\begin{frame}
  \frametitle{Continuity on Intervals}

  \begin{block}{}
    A function $f$ is \emph{continuous} on an interval if
    it is continuous on every number in the interval.
  \end{block}
  \pause\medskip
  If the interval is left- and/or right-closed, then
  \begin{itemize}
    \item At the left-end we are only interested in right-continuity.

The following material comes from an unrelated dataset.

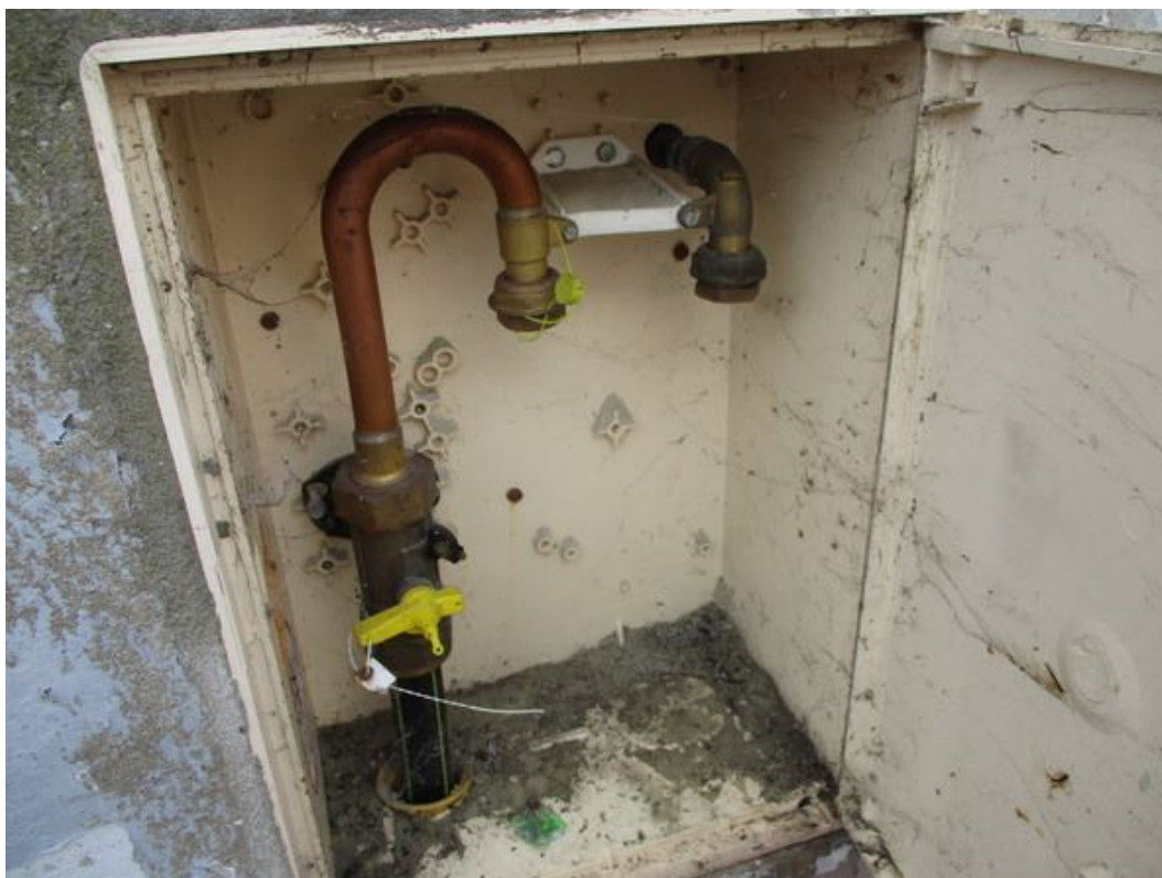
Absence de compteur gaz

    \item At the right-end we are only interested in left-continuity.
  \end{itemize}
  (the values outside of the interval do not matter)
  \pause
  
  \begin{exampleblock}{}
    Show that $f(x) = 1 - \sqrt{1-x^2}$ is continuous on $[-1,1]$.
    \pause\medskip
    
    For $-1 < a < 1$ we have by the limit laws:
    \begin{talign}
      \lim_{x\to a} f(x)
%       = 1 - \lim_{x\to a} \sqrt{1-x^2}
      \mpause[1]{ = 1 - \sqrt{\lim_{x\to a}(1-x^2)} }
      \mpause[2]{ = 1 - \sqrt{1-a^2} = f(a) }
    \end{talign}
    \pause\pause\pause
    Similar calculations show
    \begin{itemize}
    \pause
      \item 
        $\lim_{x\to -1^+} f(x) = 1 = f(-1)$
    \pause
      \item 
        $\lim_{x\to 1^-} f(x) = 1 = f(1)$
    \end{itemize}
    \pause
    Therefore $f$ is continuous on $[-1,1]$.
  \end{exampleblock}
\end{frame}